1) Zur Erfüllung der Zwecke und Aufgaben des Vereins werden unter Beachtung der gesetzlichen Vorgaben des Bundesdatenschutzgesetzes (BDSG) personenbezogene Daten über persönliche und sachliche Verhältnisse der Mitglieder im Verein genutzt, gespeichert, übermittelt und verändert.

2) Jedes Vereinsmitglied hat das Recht auf:

  1. Auskunft über die zu seiner Person gespeicherten Daten;
  2. Berichtigung über die zu seiner Person gespeicherten Daten, wenn sie unrichtig sind;
  3. Sperrung der zu seiner Person gespeicherten Daten, wenn sich bei behaupteten Fehlern weder deren Richtigkeit noch deren Unrichtigkeit feststellen lässt;
  4. Löschung der zu seiner Person gespeicherten Daten, wenn die Speicherung unzulässig war.

3) Den Organen des Vereins, allen Mitarbeitern oder sonst für den Verein Tätigen ist es unter­sagt, personenbezogene Daten unbefugt zu anderen als dem jeweiligen Aufgabenerfüllung gehörenden Zweck zu verarbeiten, bekannt zu geben, Dritten zugänglich zu machen oder sonst zu nutzen.
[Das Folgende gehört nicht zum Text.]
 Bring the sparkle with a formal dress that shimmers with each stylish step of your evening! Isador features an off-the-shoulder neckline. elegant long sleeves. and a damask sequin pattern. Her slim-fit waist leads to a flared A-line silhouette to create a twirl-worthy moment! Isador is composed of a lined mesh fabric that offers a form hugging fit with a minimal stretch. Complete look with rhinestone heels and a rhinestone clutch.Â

Diese Pflicht besteht auch über das Ausscheiden der oben genannten Personen aus dem Verein hinaus.

§ 28 Auflösung des Vereins
(1) Die Auflösung des Vereins kann nur von einer außerordentlichen Mitgliederversammlung beschlossen werden, die sonst keine Beschlüsse fasst.

(2) Die Auflösung muss mit ¾ Mehrheit der anwesenden stimmberechtigten Mitglieder beschlossen werden.